Да, это были щит и меч, и Лада решила воспользоваться этим оружием, потому что не имела другого. И все-таки иной, не совсем посторонний голос ей шептал, что оружие ее – и щит и меч – ненадежно, на него нельзя целиком положиться, оно не испытано ею, не пристреляно. И прибегнуть к нему можно лишь на худой конец, в крайнем случае.
А пока она решила ехать не домой, а к дедушке. Дальше – видно будет. Дедушка добрый, с ним можно договориться. Это на вид он строгий и суровый.
Сергей Кондратьевич, придя с завода домой, затопил печь, положив несколько сухих поленьев – дров было достаточно: сносились старые, отжившие свой век деревянные дома и бараки, – поставил на плиту чайник и, сидя у огня на низенькой скамеечке, сделанной Колей, задумался. Дрова горели весело и жарко, обдавая лицо и руки приятным теплом. И тепло это, и треск в печи, и жаркие сполохи пламени располагали к спокойному отдыху и неторопливым, ровным раздумьям. За окном прогромыхала электричка: домик стоял недалеко от железной дороги. Сергей Кондратьевич машинально обернулся – в синем окне замелькала золотая цепочка огней. Он встал, не зажигая огня, сел к окну и, облокотившись на стол, уставился в синеву вечернего города. Наверно, тысячи раз сидел он вот так у окна, слушая перестук поездов, машинально считая вагоны, думая о разном. Он думал о том, что когда-то, в годы детства Коли была здесь городская окраина, а вот теперь самый что ни на есть город. Москва шагнула веселыми шагами многоэтажных домов уже за железную дорогу, сметая со своего пути трухлявую рухлядь деревянных хибарок. Новая жизнь наступала стремительно и неотвратимо.
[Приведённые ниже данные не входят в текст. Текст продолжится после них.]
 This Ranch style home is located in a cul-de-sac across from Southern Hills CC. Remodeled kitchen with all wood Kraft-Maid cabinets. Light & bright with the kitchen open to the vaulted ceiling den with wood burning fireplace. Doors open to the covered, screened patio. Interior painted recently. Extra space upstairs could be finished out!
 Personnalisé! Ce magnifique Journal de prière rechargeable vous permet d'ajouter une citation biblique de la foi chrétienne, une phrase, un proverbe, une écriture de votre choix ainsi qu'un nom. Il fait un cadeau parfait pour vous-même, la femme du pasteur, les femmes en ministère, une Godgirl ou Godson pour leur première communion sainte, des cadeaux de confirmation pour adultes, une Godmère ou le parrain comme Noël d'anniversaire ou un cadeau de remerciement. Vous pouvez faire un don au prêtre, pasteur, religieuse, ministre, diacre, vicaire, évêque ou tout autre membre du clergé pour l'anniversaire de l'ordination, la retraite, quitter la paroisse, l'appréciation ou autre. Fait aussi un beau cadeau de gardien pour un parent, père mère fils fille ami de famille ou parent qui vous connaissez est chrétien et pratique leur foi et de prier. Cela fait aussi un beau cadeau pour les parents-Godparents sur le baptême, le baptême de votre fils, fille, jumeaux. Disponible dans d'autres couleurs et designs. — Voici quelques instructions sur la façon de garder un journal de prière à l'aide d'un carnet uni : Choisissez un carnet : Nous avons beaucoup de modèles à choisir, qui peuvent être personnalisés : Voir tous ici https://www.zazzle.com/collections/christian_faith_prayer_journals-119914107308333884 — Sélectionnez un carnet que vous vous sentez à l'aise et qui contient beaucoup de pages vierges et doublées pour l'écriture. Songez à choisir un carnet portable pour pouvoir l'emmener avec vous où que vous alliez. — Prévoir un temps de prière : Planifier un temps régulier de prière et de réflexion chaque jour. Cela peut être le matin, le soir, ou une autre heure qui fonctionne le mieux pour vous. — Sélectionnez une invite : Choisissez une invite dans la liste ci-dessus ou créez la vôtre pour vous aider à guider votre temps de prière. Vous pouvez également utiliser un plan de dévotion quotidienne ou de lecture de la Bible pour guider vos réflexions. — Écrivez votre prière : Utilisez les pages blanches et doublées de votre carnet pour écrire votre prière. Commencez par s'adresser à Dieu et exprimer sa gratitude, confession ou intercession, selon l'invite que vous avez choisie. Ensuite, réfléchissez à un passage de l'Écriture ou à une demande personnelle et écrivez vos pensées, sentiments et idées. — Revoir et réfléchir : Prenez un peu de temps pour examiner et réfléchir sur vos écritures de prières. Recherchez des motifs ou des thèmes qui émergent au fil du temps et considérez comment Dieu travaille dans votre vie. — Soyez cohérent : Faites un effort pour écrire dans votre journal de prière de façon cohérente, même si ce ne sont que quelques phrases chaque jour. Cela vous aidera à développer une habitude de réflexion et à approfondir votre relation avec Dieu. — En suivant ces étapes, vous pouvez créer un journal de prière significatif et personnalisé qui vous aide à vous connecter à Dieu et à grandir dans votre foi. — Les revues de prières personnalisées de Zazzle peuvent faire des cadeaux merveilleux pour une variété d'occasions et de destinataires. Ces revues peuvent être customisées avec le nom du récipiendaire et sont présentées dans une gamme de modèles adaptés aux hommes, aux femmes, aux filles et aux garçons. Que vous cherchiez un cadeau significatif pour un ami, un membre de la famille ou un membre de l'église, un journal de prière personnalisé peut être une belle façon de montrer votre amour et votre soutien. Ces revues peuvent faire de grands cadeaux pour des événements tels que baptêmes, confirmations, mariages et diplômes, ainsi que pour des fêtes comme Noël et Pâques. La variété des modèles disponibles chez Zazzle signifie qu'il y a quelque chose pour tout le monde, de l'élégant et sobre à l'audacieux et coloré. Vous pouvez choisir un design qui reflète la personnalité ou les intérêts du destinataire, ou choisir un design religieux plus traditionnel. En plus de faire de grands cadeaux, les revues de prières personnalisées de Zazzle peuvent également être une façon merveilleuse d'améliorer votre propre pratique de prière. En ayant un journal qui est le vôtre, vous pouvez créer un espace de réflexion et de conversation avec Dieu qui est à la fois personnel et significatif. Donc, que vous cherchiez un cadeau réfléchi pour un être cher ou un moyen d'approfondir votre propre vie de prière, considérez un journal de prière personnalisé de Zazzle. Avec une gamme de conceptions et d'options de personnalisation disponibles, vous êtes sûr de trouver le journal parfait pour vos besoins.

Эта мысль возбуждала горделивую радость, к которой украдкой, точно слабая тень – не от солнца даже, не от луны, а от светлого неба, – примешивалась грусть, та извечная тоска по уходящему и привычному. Старику Лугову не хотелось покидать насиженное место, и он пытался найти тому оправдание. Дескать, не дома жалко, а сада, вот этой зелени под окном. Он любил копаться в земле: сажал цветы, удобрял почву, ухаживал за деревцами. В новом доме этого ведь ничего не будет. Хорошо, если бы квартира была на первом этаже, можно под окнами разбить газончик. Было же время, когда давали за городом рабочим и служащим садовые участки. Луговы не взяли, ни к чему было, когда возле своего дома сад. Теперь старик пожалел. Некоторые рабочие их завода понасадили сады, клубнику, малину. Каждое воскресенье ездили туда, находили в этом радость.
На стареньком телевизоре стояло нечто вроде подсвечника. Лугов взял его в руки. Легкий, янтарного цвета предмет, с двумя колесиками и зубчатой резьбой на одном, старик принес сегодня из цеха. Это были новые детали клапана, сделанные из пластмассы, заменившей дорогую бронзу. Они ласкали глаз, радовали сердце старика: идея замены принадлежала Лугову-старшему.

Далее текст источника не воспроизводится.